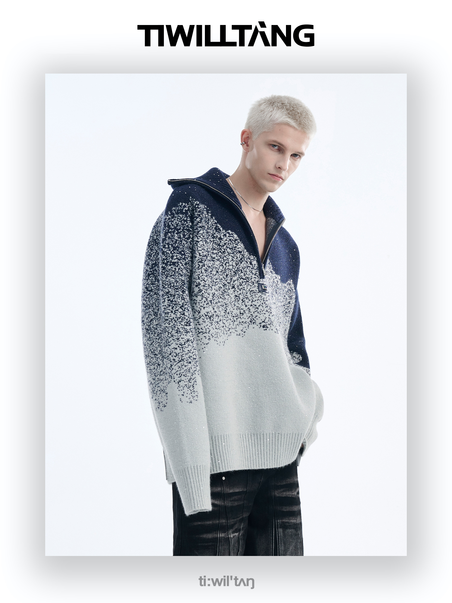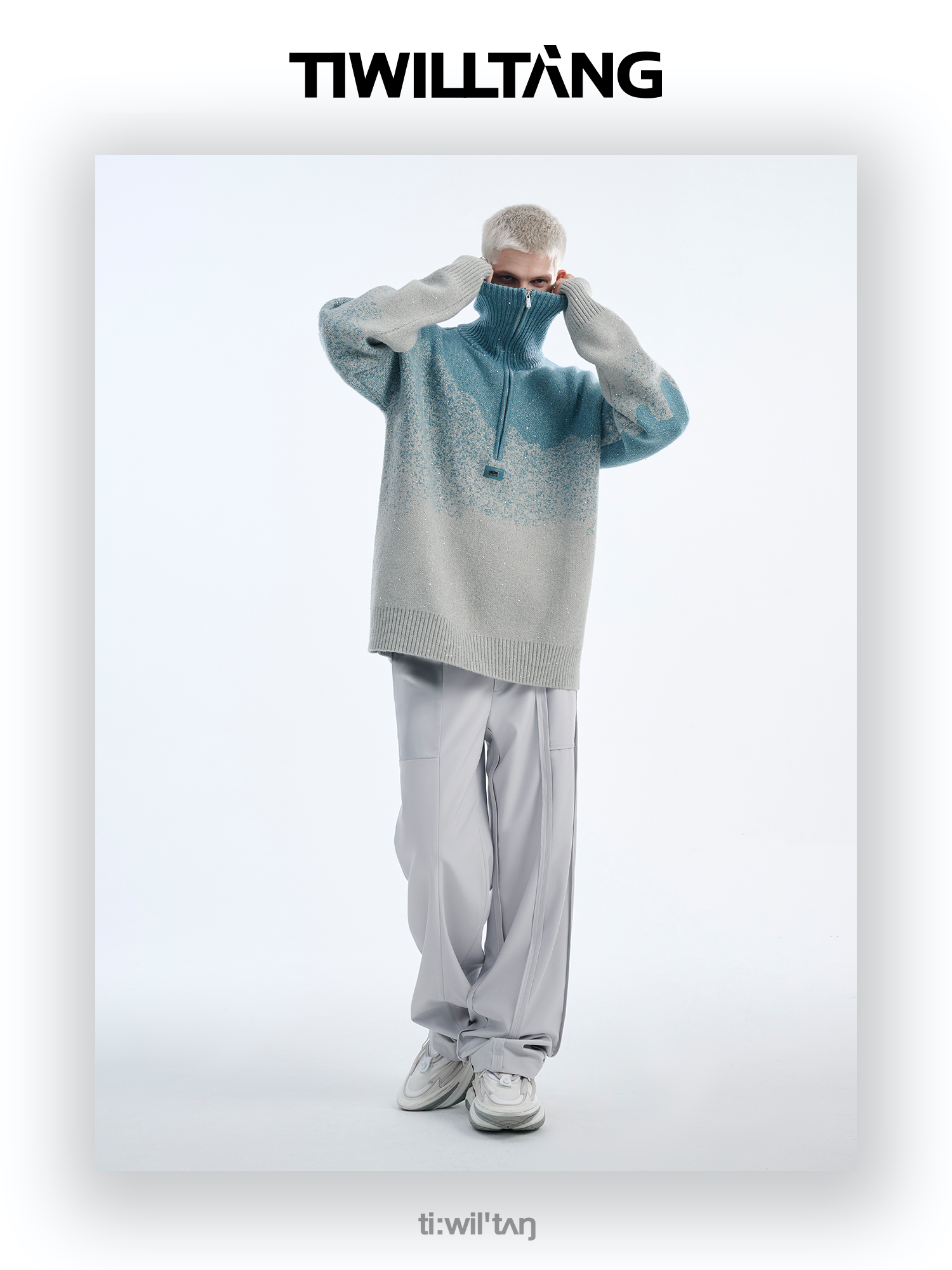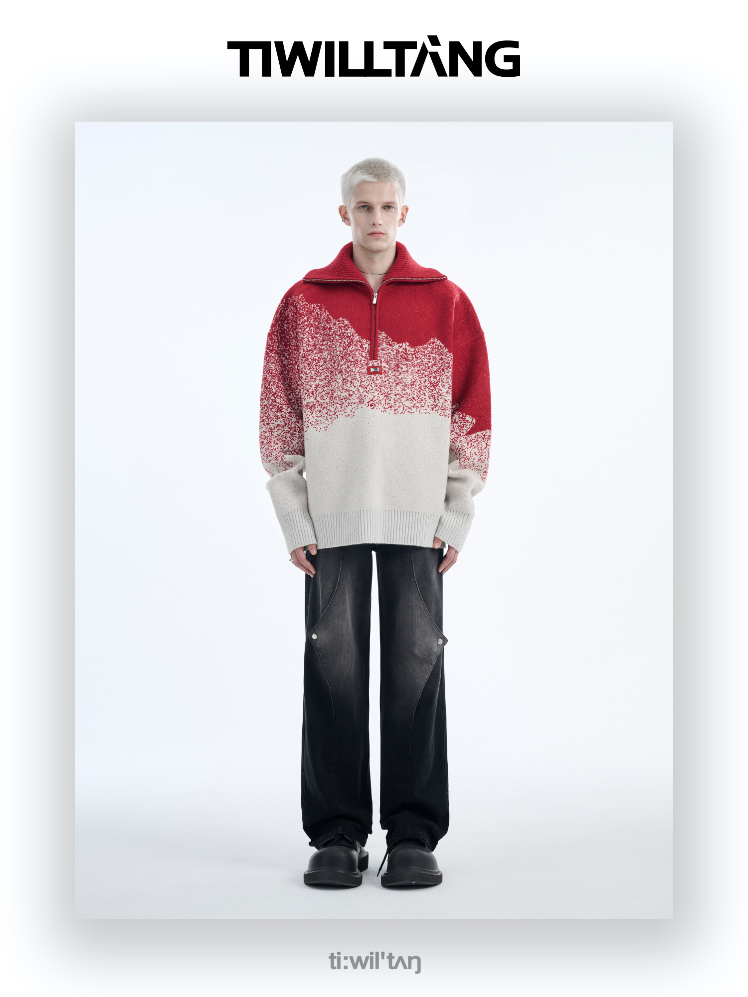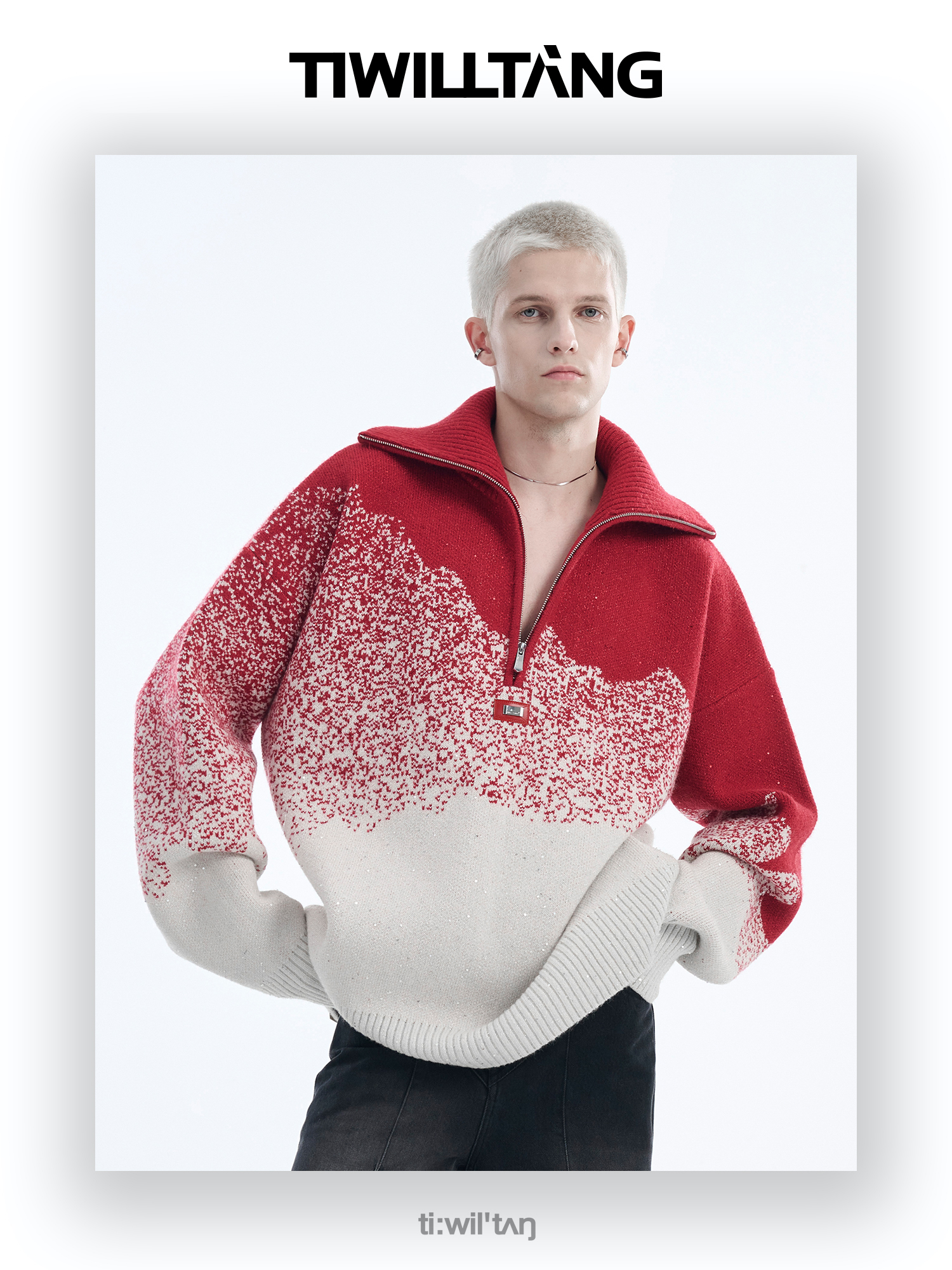 Gradient Half Zipper High-Neck Knit Sweater WN10715
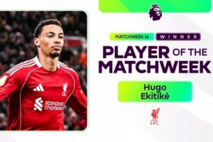 體育資訊12月17日訊 英超官方消息,利物浦前鋒?;倏吮辉u(píng)為聯(lián)賽第16輪最佳球員。
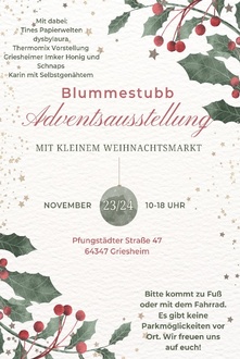 Sonntag 24.11.2024 Abfahrt 10 Uhr mit privaten PKW nach Griesheim, zur „Blummestubb“ zu Katharina Hammann.

* [EXERCISE DETAILS]: Your task is an exact transcription of all the data, minus the pictures.

* [EXERCISE SOLUTION]:
 Gradient Half Zipper High-Neck Knit Sweater WN10715
 體育資訊12月17日訊 英超官方消息,利物浦前鋒?;倏吮辉u(píng)為聯(lián)賽第16輪最佳球員。
 Sonntag 24.11.2024 Abfahrt 10 Uhr mit privaten PKW nach Griesheim, zur „Blummestubb“ zu Katharina Hammann.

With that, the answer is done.